# How to ID a blank



## Illinijeff (Mar 28, 2011)

I purchased a 706z on ebay and it came with a rod. There are no markings on the rod but the guys at Broxson's think it may be a G Loomis but aren't 100%. Is there any way to tell what kind of blank I have?


----------



## fairpoint (May 9, 2013)

See what the guys at Broxson's think it is.........then GBBT... Jeremy or Victor might know....I'm more in the pre graphite age...I have a good Idea on those blanks but the graphites basically look the same to me,just different actions....


----------



## Illinijeff (Mar 28, 2011)

fairpoint said:


> See what the guys at Broxson's think it is.........

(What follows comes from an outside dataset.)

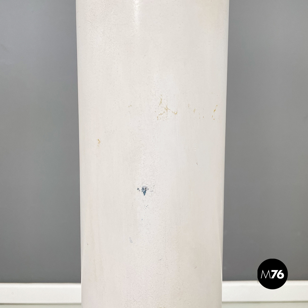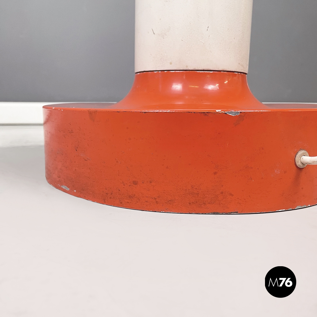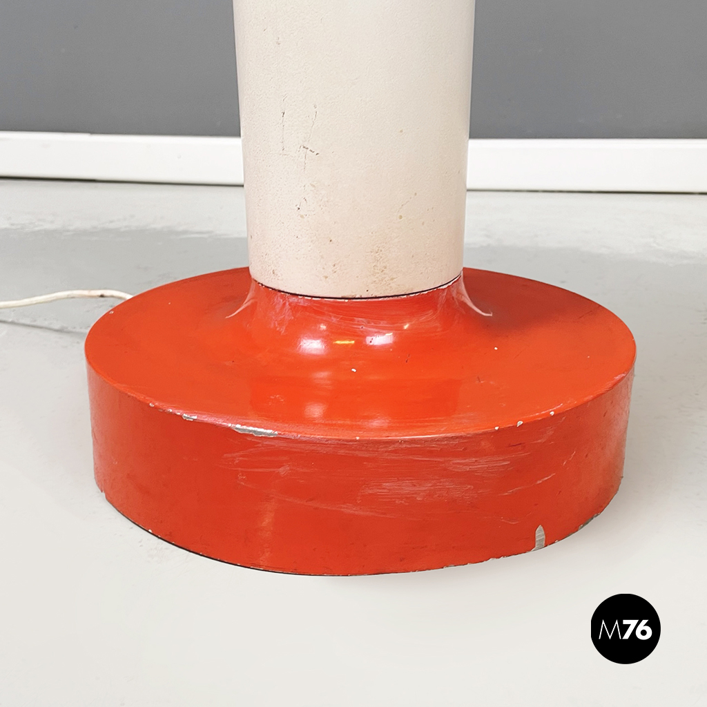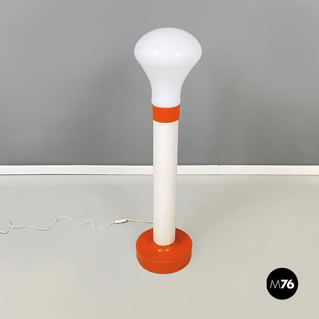 Lampada da terra con vetro opalino e struttura in metallo color bianco e arancione.

No shit????? I was hoping some of the rod builders on here would have some more insight.


----------



## fairpoint (May 9, 2013)

I was messing with You,lol....I'm telling you the guys at Gulf Breeze Bait and tackle might KNOW what you got that's what GBBT means.....Could you post a pic so we could try to see what you got ....???


----------



## Illinijeff (Mar 28, 2011)

I'll post a pic tonight.


----------



## rysher (Oct 20, 2013)

if there's no label on the rod, it is rpetty much hard to i.d. them.
most blanks have some sort of i.d. inside the blank at the butt, some have it outside, at the butt end too. 
another way is to measure the butt diameter and tip diamter and compare it to the g.loomis blanks.

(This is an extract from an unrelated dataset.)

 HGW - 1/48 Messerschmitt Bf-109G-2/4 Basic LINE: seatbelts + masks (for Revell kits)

other than that, it is pretty much a guess work. you'll be going by what someone told you.


----------



## Illinijeff (Mar 28, 2011)

Here are the pictures, I can't seem to find my tape measure for measurements. It is a 9ft blank. It can sling a minnow for a mile just not sure what kind of blank it is.


----------



## Illinijeff (Mar 28, 2011)

It goes from shinny to a flat black which I think is what made them think g.loomis,


----------



## rysher (Oct 20, 2013)

it is hard to tell based on the pictures alone. 
http://www.rodbuilding.org/library/counterfeit.html


----------



## tiderider (Oct 1, 2007)

If it's flat black and has what appears to be an inner liner then it's quite possibly a Rainshadow RCJB series blank. 9ft would mean an RCJB106M.


----------



## Illinijeff (Mar 28, 2011)

I plan on selling this setup soon as I'm moving out of state. What do you think a good asking price is, just for the rod itself?


----------



## tiderider (Oct 1, 2007)

If it's a RCJB blank then it would have cost about $150 in material plus labor to build. ($100). So think of it as $250 new. Condition is everything. I typically see guys selling used custom graphite rods in the $100-$150 range, but like I said it all depends on condition.


----------